[Records to process Boundary: Start]
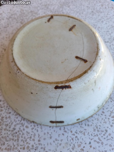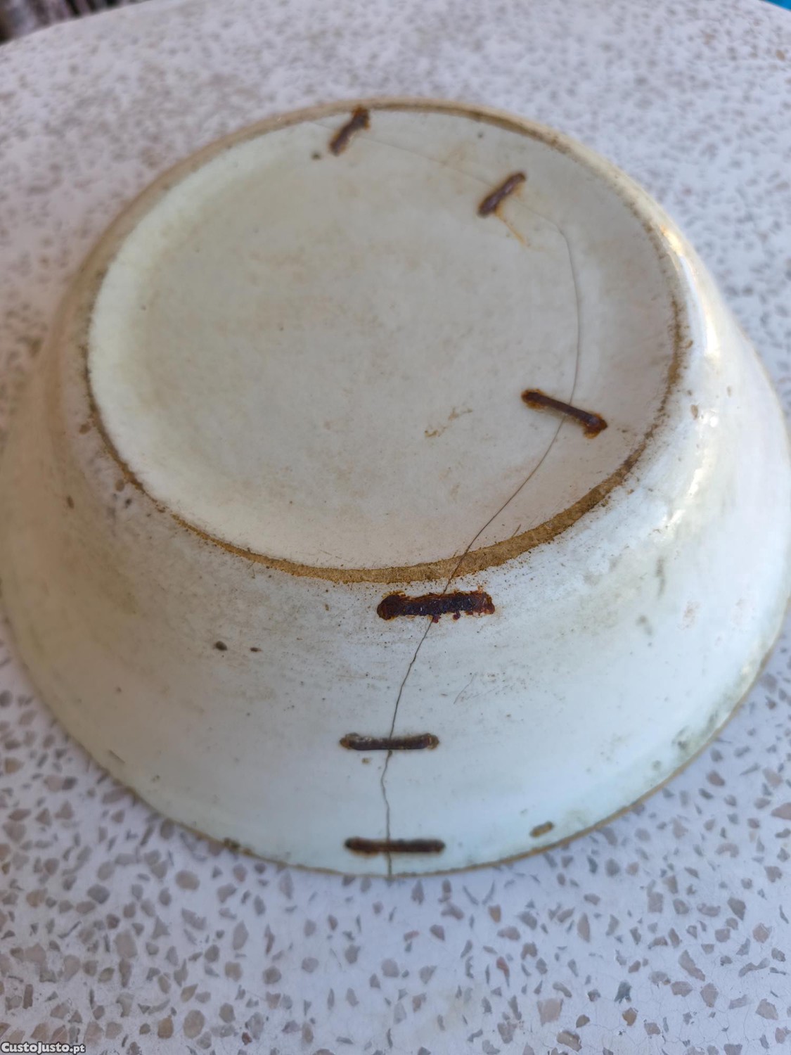 Saladeira/alguidar centenário em faiança portuguesa (recuperação com 'gatos')
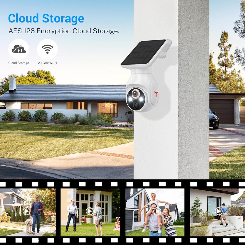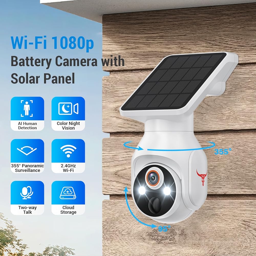 1080p Security Camera Wireless with Solar Panel, AI Human Detection, 2-Way Audio, Color Night Vision, 2.4G WiFi Only, Cloud Storage (Sold Separately), Indoor/Outdoor Surveillance Bullet Cam (WiFi)
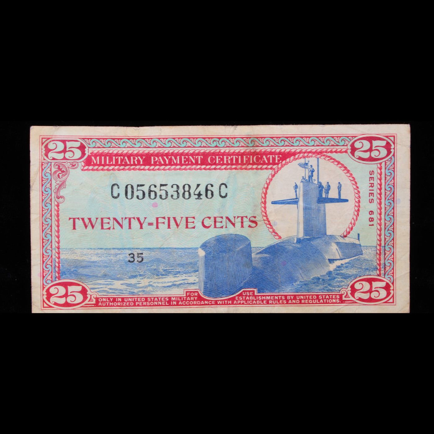 Military Payment Certificate (MPC) Series 681 25c Grades Select AU. Military payment certificates, or MPC, were a form of currency used to pay U.S. military personnel in certain foreign countries. They were used in one area or another from a few months after the end of World War II until a few months after the end of U.S. participation in the Vietnam War – from 1946 until 1973. MPC utilized layers of line lithography to create colorful banknotes that could be produced cheaply. Fifteen series of MPCs were created. However, only 13 series were issued. The remaining two were largely destroyed, although some examples remain. Among the 13 released series a total of 94 notes are recognized.
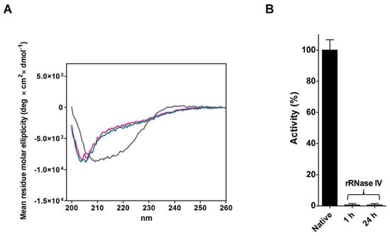 - Libonati, M.; Bertoldi, M.; Sorrentino, S. The activity on double-stranded RNA of aggregates of ribonuclease A higher than dimers increases as a function of the size of the aggregates. Biochem. J. 1996, 318, 287–290. [Google Scholar] [CrossRef] [Green Version]
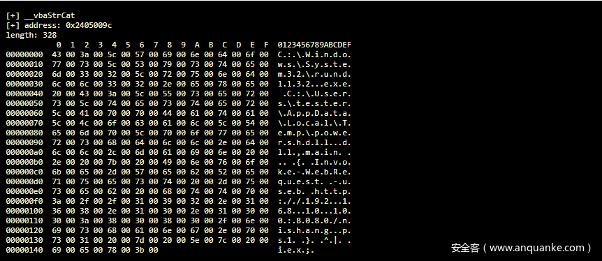 vbe7.dll是Visual Basic运行时引擎的DLL。里面有很多有趣的功能。但是在这里,我们想观察字符串去混淆操作,vbe7!__ vbaStrCat是在Visual Basic中串联字符串时调用的函数。
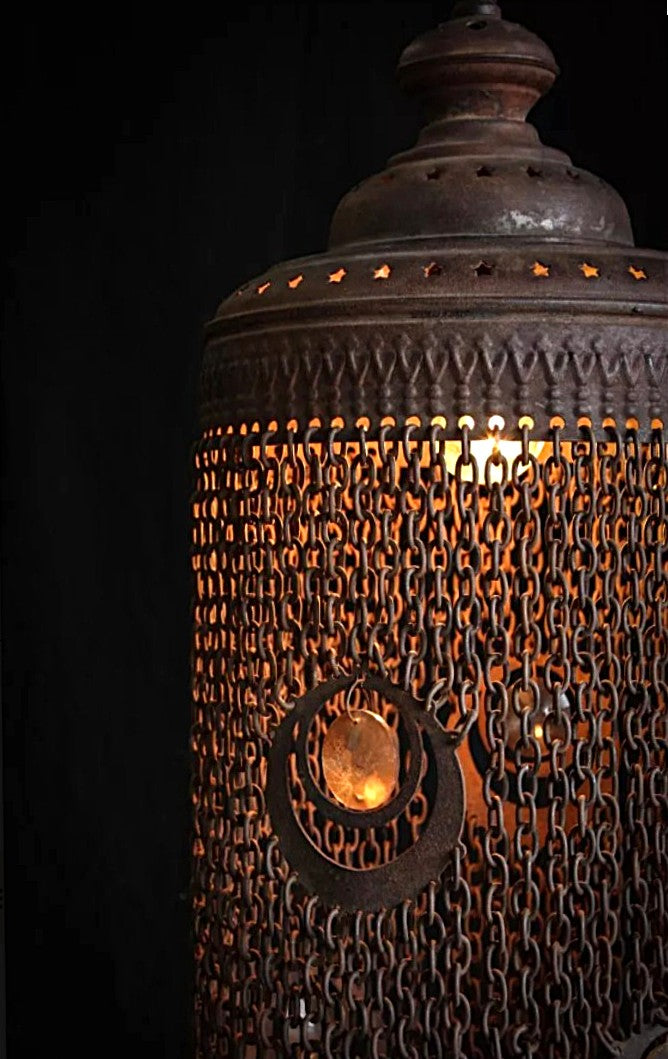 Dimensions: approx. H 65 x D 21 cm Material: weathered iron + brown finished glass beads
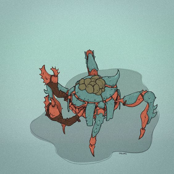 The Land Crabs are massive, slow-moving crustaceans that roam the coasts and wetlands, their heavy shells streaked with mud and rust-colored grime. Despite their lumbering pace, they are immensely strong, able to crush bone or metal alike with their jagged pincers. Most dwell near the water’s edge, scavenging carrion and algae, but some wander far inland in search of food, dragging their armored bulk across the sand.
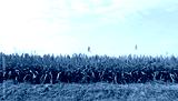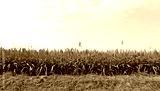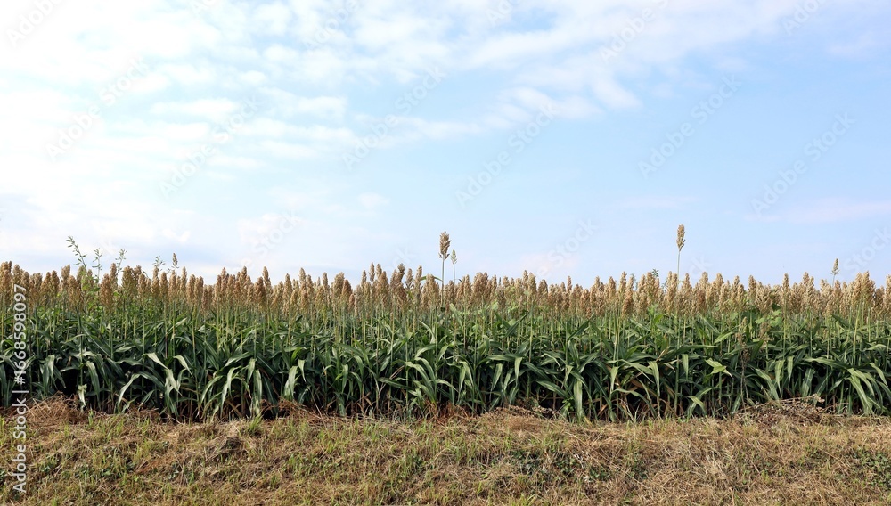 Edge of sorghum field under a blue cloudy sky in the end of summer
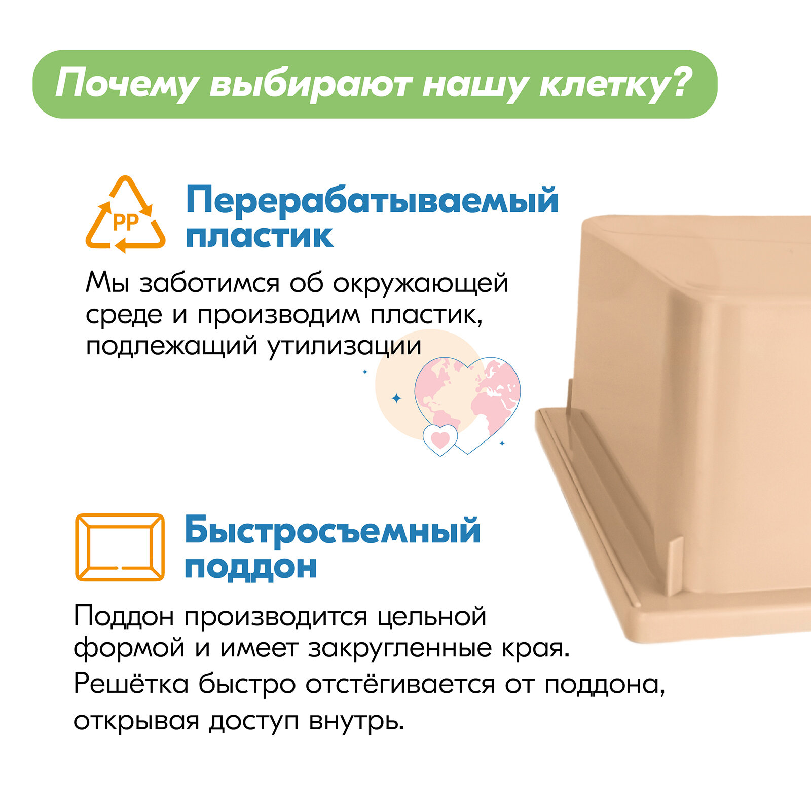 СохранитьКлетка для грызунов "PetTails" разборная, шаг прута 10,5мм, 42*30*h95см, 5 этажей (+полка-домик, колесо, миска, 2 пласт. домика) бежевая интересное:
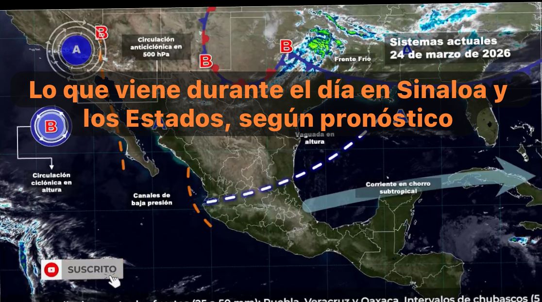 México, 24 marzo 2026.-Este día, una vaguada en altura, en combinación con el ingreso de humedad del océano Pacífico y golfo de México, ocasionarán lluvias y chubascos con posibles descargas eléctricas en estados del noreste, occidente, centro, oriente y sur del territorio mexicano, además de lluvias puntuales fuertes en Puebla, Veracruz y Oaxaca.
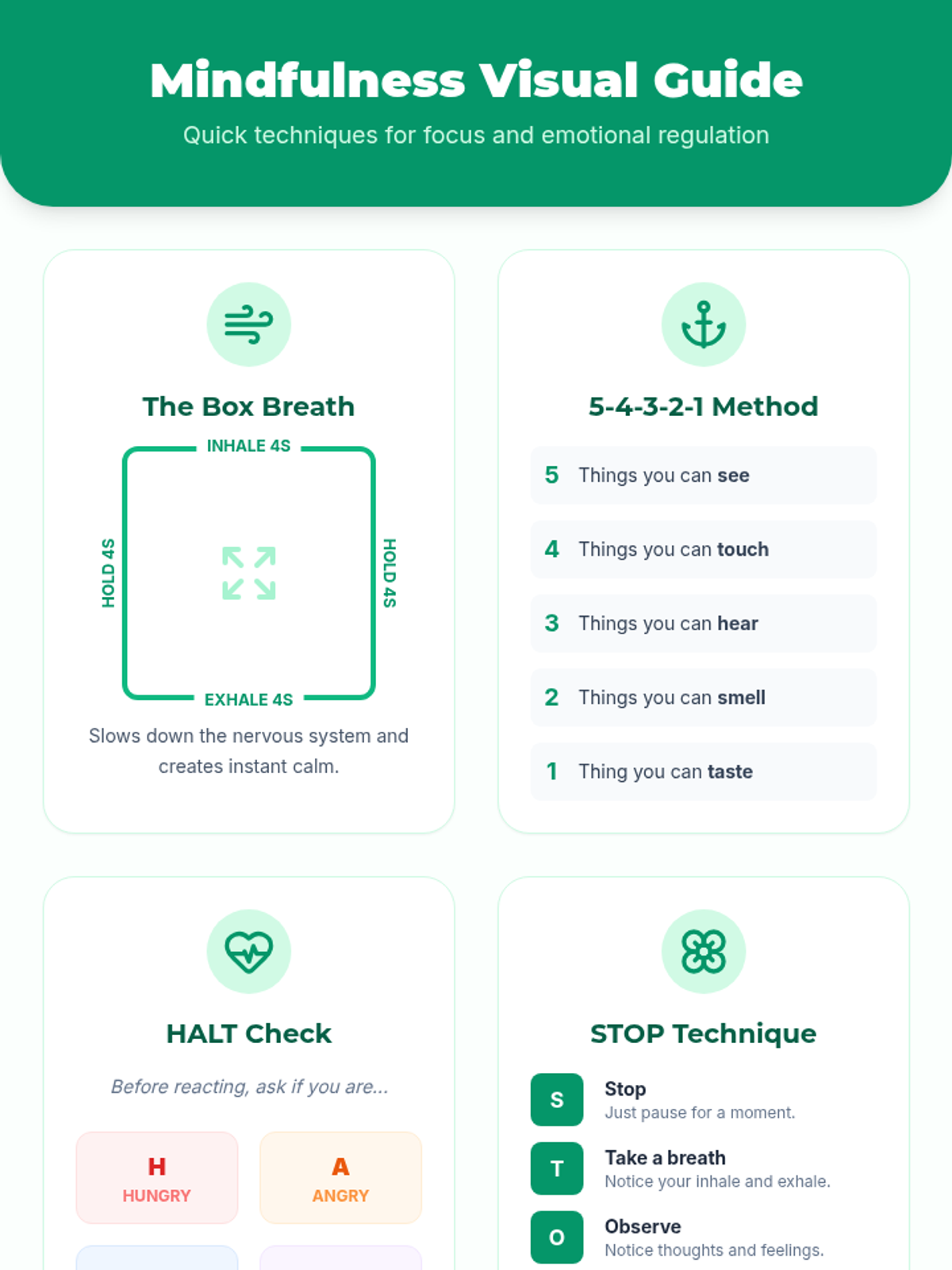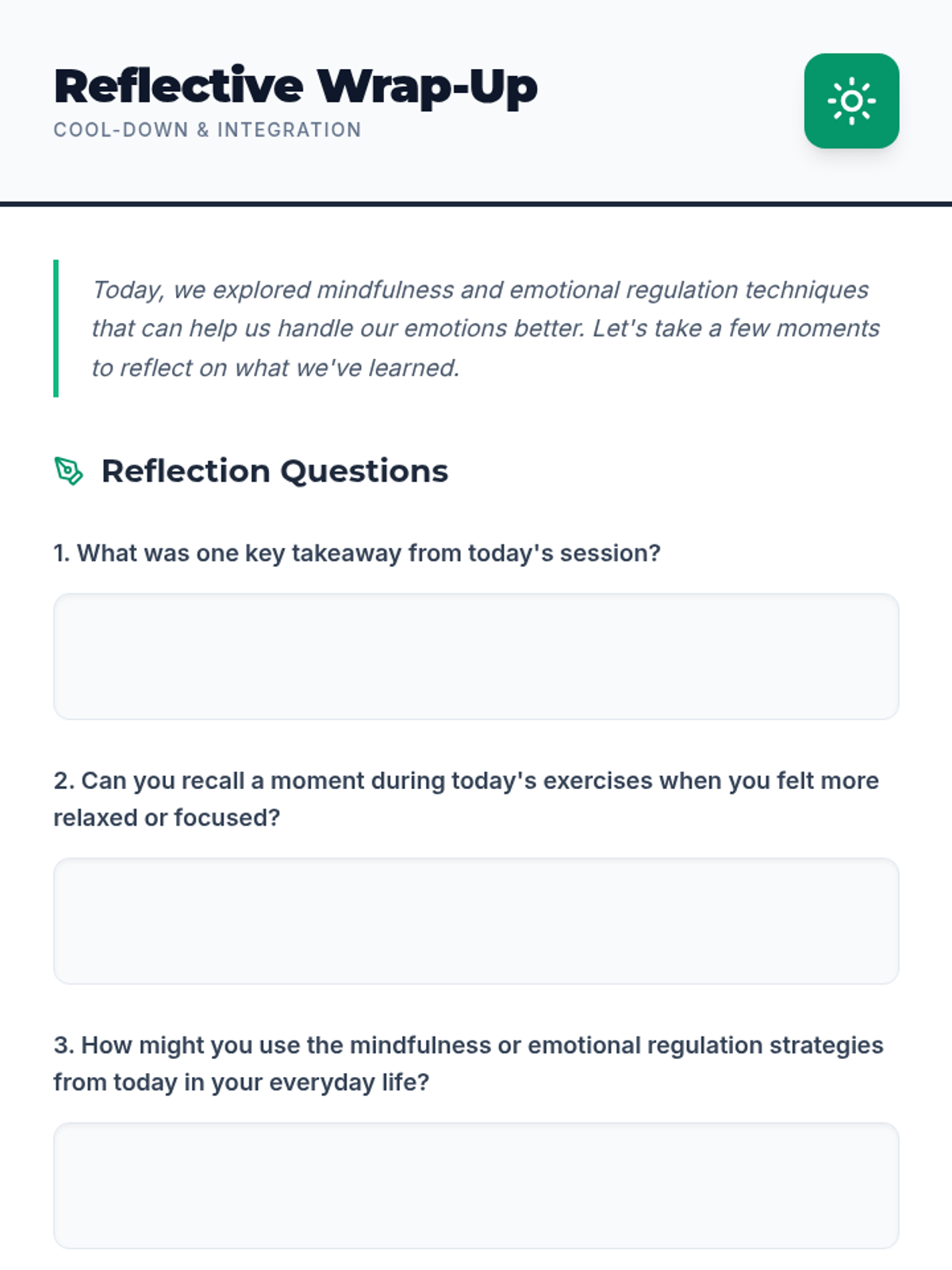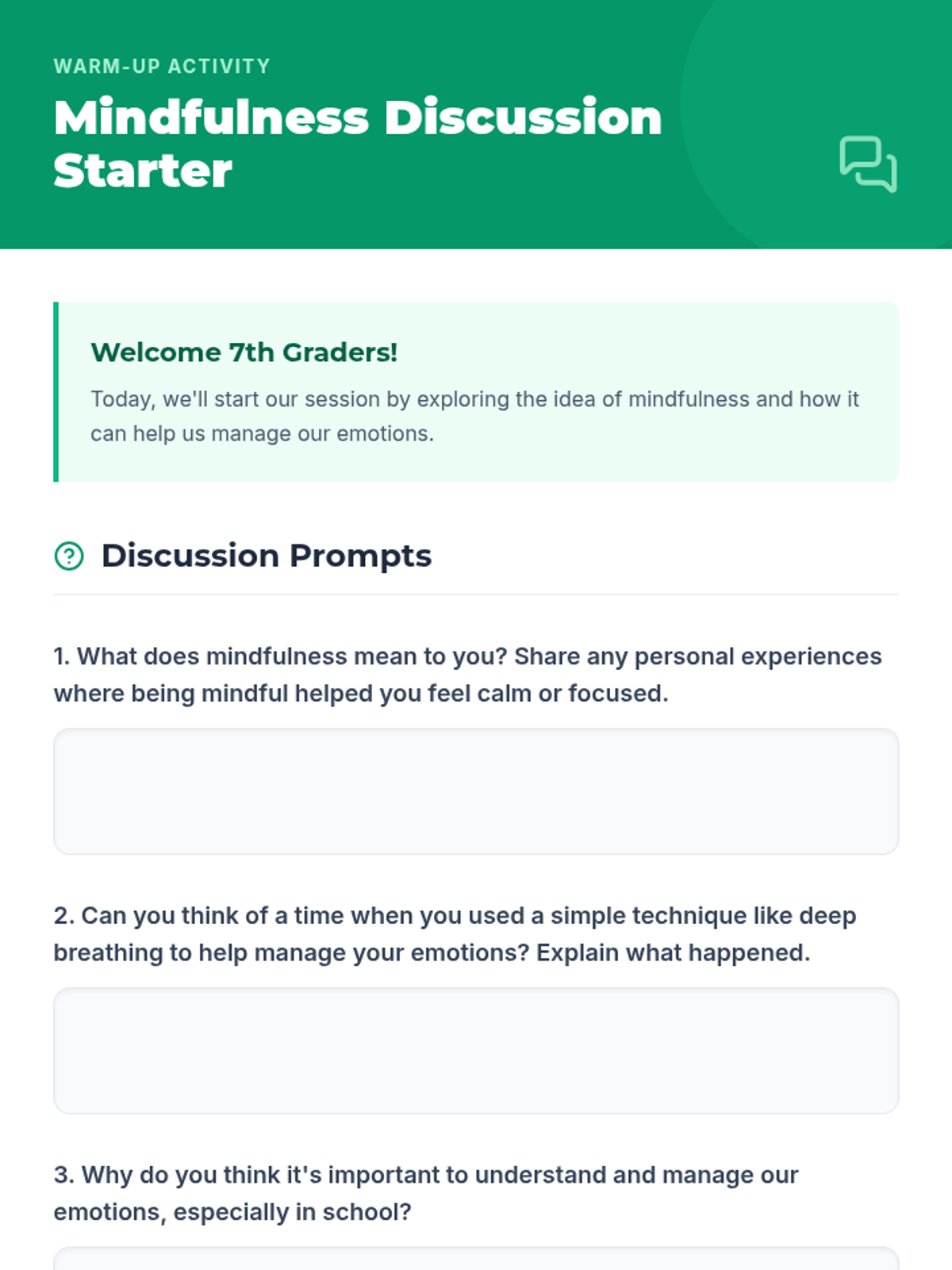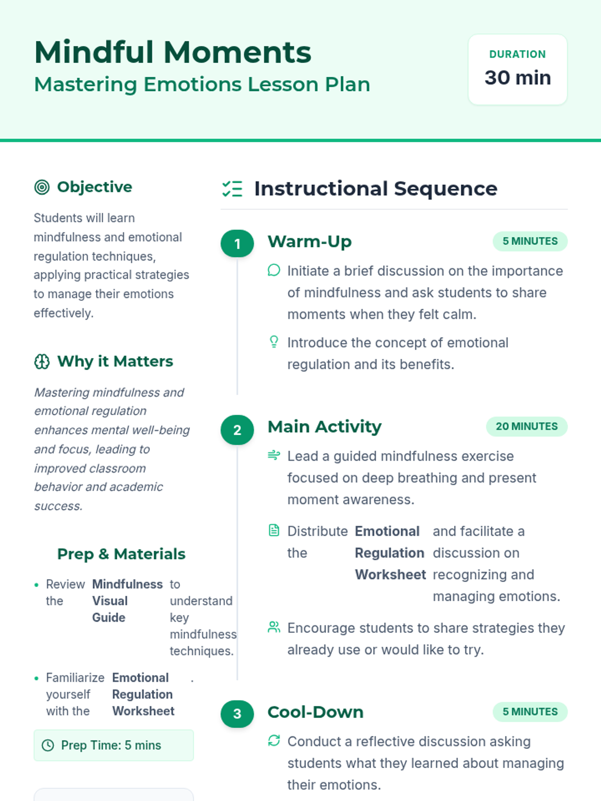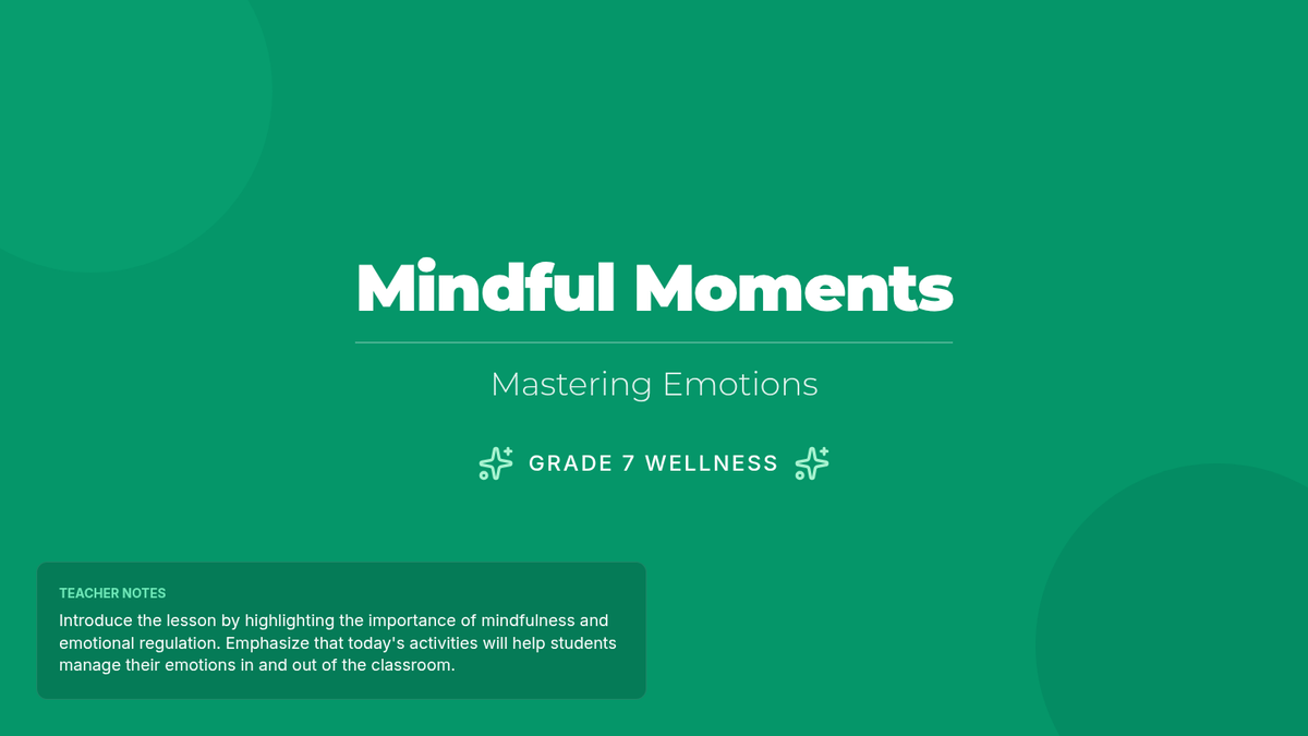 A lesson for 7th graders on mindfulness and emotional regulation, featuring guided exercises, reflective activities, and practical strategies for managing well-being.
[Records to process Boundary: End]
**Work task:** Between and including the line with "1080p Security Camera" and the line with "Dimensions: approx. H", repeat every line exactly as it appears above, with pictures left out.

**Exercise answer:**
 1080p Security Camera Wireless with Solar Panel, AI Human Detection, 2-Way Audio, Color Night Vision, 2.4G WiFi Only, Cloud Storage (Sold Separately), Indoor/Outdoor Surveillance Bullet Cam (WiFi)
 Military Payment Certificate (MPC) Series 681 25c Grades Select AU. Military payment certificates, or MPC, were a form of currency used to pay U.S. military personnel in certain foreign countries. They were used in one area or another from a few months after the end of World War II until a few months after the end of U.S. participation in the Vietnam War – from 1946 until 1973. MPC utilized layers of line lithography to create colorful banknotes that could be produced cheaply. Fifteen series of MPCs were created. However, only 13 series were issued. The remaining two were largely destroyed, although some examples remain. Among the 13 released series a total of 94 notes are recognized.
 - Libonati, M.; Bertoldi, M.; Sorrentino, S. The activity on double-stranded RNA of aggregates of ribonuclease A higher than dimers increases as a function of the size of the aggregates. Biochem. J. 1996, 318, 287–290. [Google Scholar] [CrossRef] [Green Version]
 vbe7.dll是Visual Basic运行时引擎的DLL。里面有很多有趣的功能。但是在这里,我们想观察字符串去混淆操作,vbe7!__ vbaStrCat是在Visual Basic中串联字符串时调用的函数。
 Dimensions: approx. H 65 x D 21 cm Material: weathered iron + brown finished glass beads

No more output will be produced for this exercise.